The Court concludes that healing period benefits began on September 3 rather than September 7 and that claimant if claimant received holiday pay for the Labor Day holiday, this could be credited against healing period benefits.  Claimant argued that PPD benefits should have been awarded beginning on September 20 (when claimant returned to work) and then suspended when claimant had surgery and was on another healing period.  The Court noted that under Waldinger v. Mettler, 817 N.W.2d 1 (Iowa 2012), there may be more than one healing period for a single injury.   The court finds that "the statute clearly states the healing period lasts until whichever situation [ending the healing period] occurs first."  Thus, in Mr Evenson's case, his return to work ended his healing period and PPD benefits were payable commencing on that date.  The Court further concludes that this commencement date for PPD benefits is not precluded by the fact that he was entitled to TPD benefits for subsequent weeks when he was medically restricted from working his regular hours.  The Court overrules the decision in Presthus v. Barco, 531 N.W.2d 476, 480 (Iowa App. 1995), which had barred payment during the same period for TPD benefits and PPD benefits.  The Court concludes the TPD benefits and PPD benefits compensate for completely different categories of losses and because of that the employee is not paid twice for the same injury or loss.
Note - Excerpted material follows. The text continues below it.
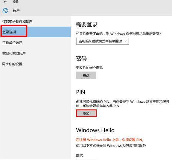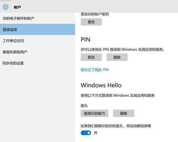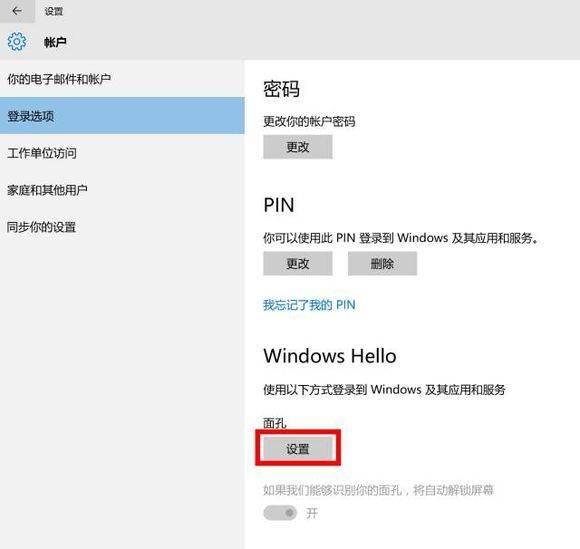 在Windows 10内点击开始-设置-账户-登录选项,进入Windows Hello。
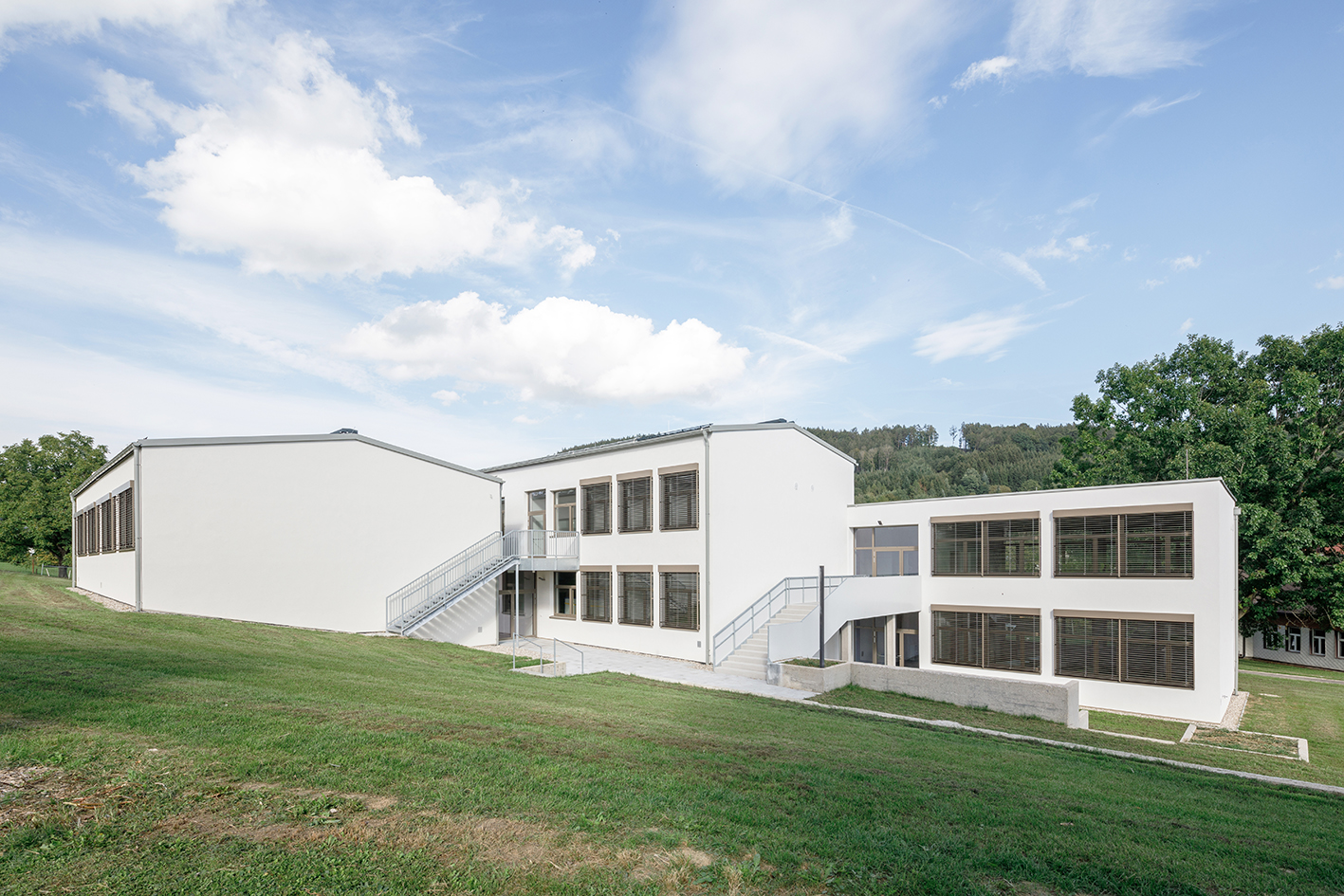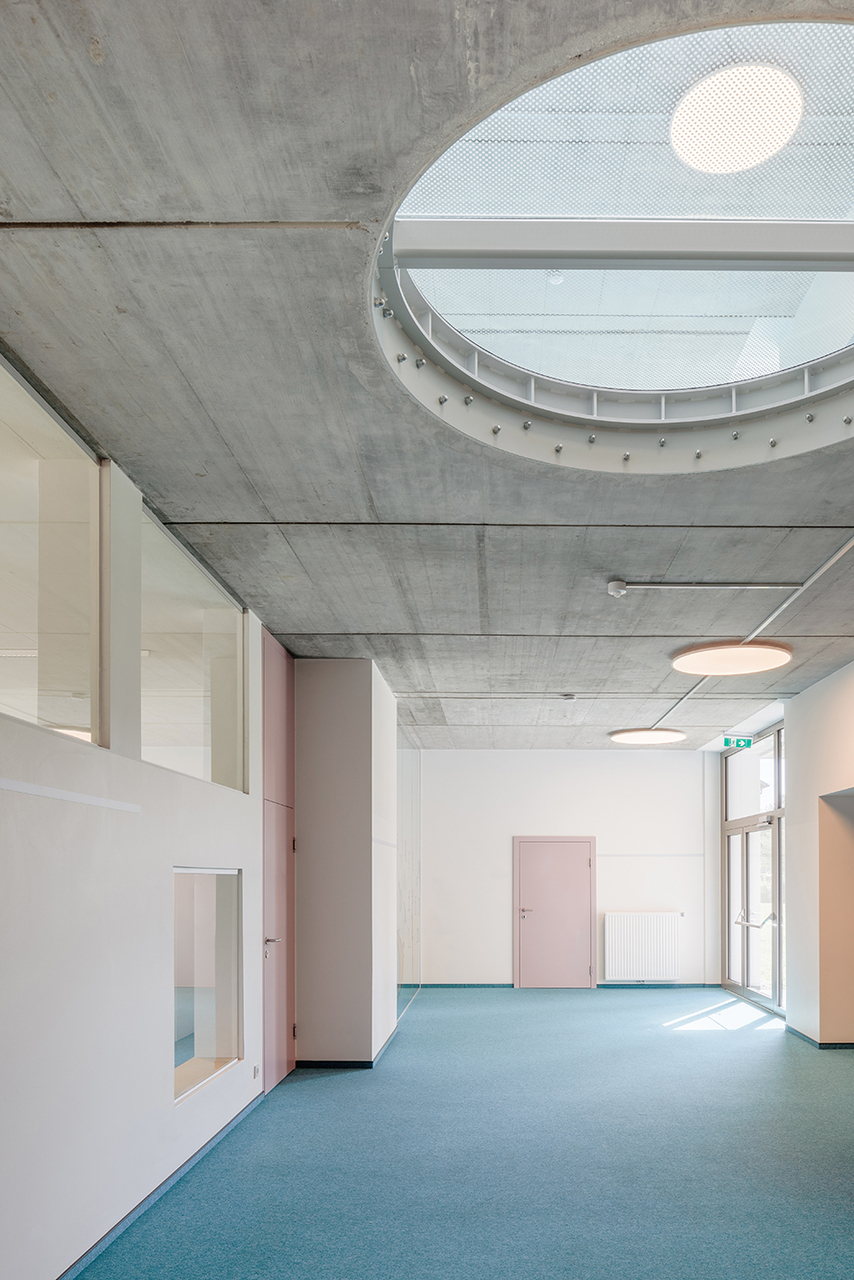 Die bestehenden Holz-Glas-Oberlichten wurden erneuert und teilweise vergrößert, die Betonflächen gereinigt und sandgestrahlt, der Boden mit einem neuen Teppich in verschiedenen Farben belegt und die Innentüren farbig gestaltet. Das vor einiger Zeit aufgesetzte Satteldach, das die Oberlichten für die Aula- und Pausenbereiche überdeckte, wurde abgetragen, das Fensterband wieder geöffnet. In Dach und Gangbereich wurden zusätzliche Fenster eingeschnitten, um das originäre Konzept einer „Architektur aus Licht“ zu stärken. (Text: Tobias Hagleitner, nach einem Text der Architekten)

The Court affirmed the agency's 25% penalty finding, but remanded on this issue because of the new healing period and PPD dates established in the Court's opinion.

Justices Mansfield and Waterman dissented on the issue of payment of TPD and PPD benefits simultaneously.  They would affirm the decision of the agency that PPD began after TPD benefits had been concluded, in November of 2011.  The dissenters argue that the Court's opinion "dramatically expands" the Court's prior opinion in Mettler.  The dissenters would include the TPD period as a part of the healing period and indicate that is why TPD benefits are "in lieu of HP benefits.  The majority's decision, according to the dissenters, means that  a claimant has a temporary disability and a permanent disability based on the same injury at the same time, a finding which the dissenters find "incongruous."  The dissenters are that although not mentioned in the majority opinion, "the court also discards the analytical framework we set forth in considerable detail in . . . Bell Brothers Heating & Air Conditioning v. Gwinn."  779 N.W.2d 193 (Iowa 2010).  Gwinn had indicated that a claim for permanent benefits was not ripe until MMI had been achieved.